**Data under study**:
--
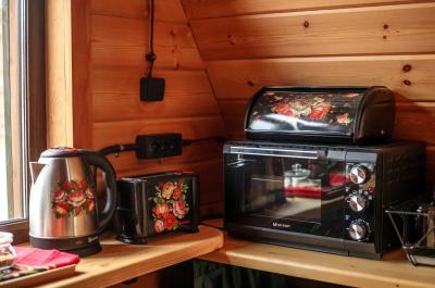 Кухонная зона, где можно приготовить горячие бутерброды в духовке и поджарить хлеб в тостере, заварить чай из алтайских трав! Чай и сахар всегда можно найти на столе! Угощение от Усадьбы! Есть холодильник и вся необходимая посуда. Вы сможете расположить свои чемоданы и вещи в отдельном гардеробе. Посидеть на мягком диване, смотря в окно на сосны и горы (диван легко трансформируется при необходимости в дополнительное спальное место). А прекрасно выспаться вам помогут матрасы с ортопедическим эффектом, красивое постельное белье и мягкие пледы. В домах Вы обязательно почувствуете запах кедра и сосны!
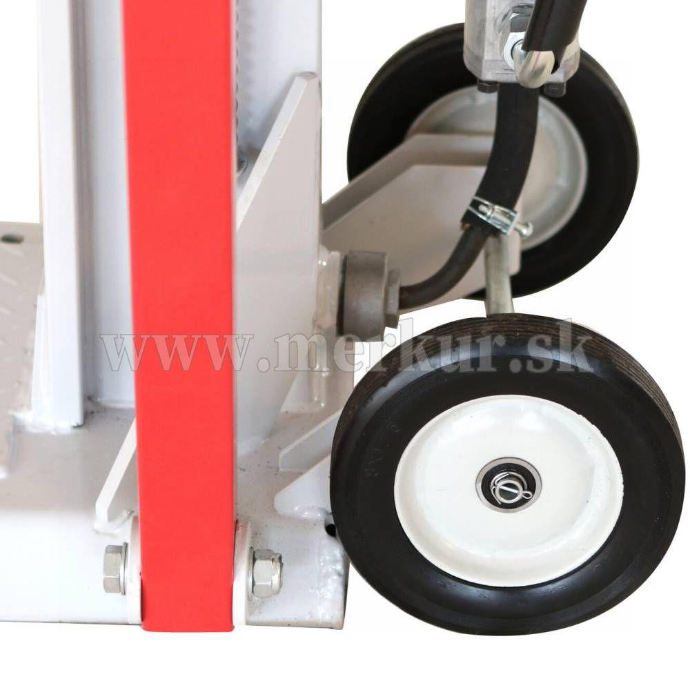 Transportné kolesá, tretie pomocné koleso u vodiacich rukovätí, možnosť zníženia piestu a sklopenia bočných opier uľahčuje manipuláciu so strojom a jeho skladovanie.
--
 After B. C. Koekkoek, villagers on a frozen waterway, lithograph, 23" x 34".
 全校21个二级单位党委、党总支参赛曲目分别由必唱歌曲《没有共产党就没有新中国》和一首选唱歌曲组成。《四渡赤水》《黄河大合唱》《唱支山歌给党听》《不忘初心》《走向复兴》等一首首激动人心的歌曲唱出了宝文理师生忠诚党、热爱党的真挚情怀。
--
**Exercise**:
Keep both end lines and retype everything in the records above from the line containing "After B. C." through the line containing "全校21个二级单位党委、党总", exactly, with nothing else.

**Worked solution**:
 After B. C. Koekkoek, villagers on a frozen waterway, lithograph, 23" x 34".
 全校21个二级单位党委、党总支参赛曲目分别由必唱歌曲《没有共产党就没有新中国》和一首选唱歌曲组成。《四渡赤水》《黄河大合唱》《唱支山歌给党听》《不忘初心》《走向复兴》等一首首激动人心的歌曲唱出了宝文理师生忠诚党、热爱党的真挚情怀。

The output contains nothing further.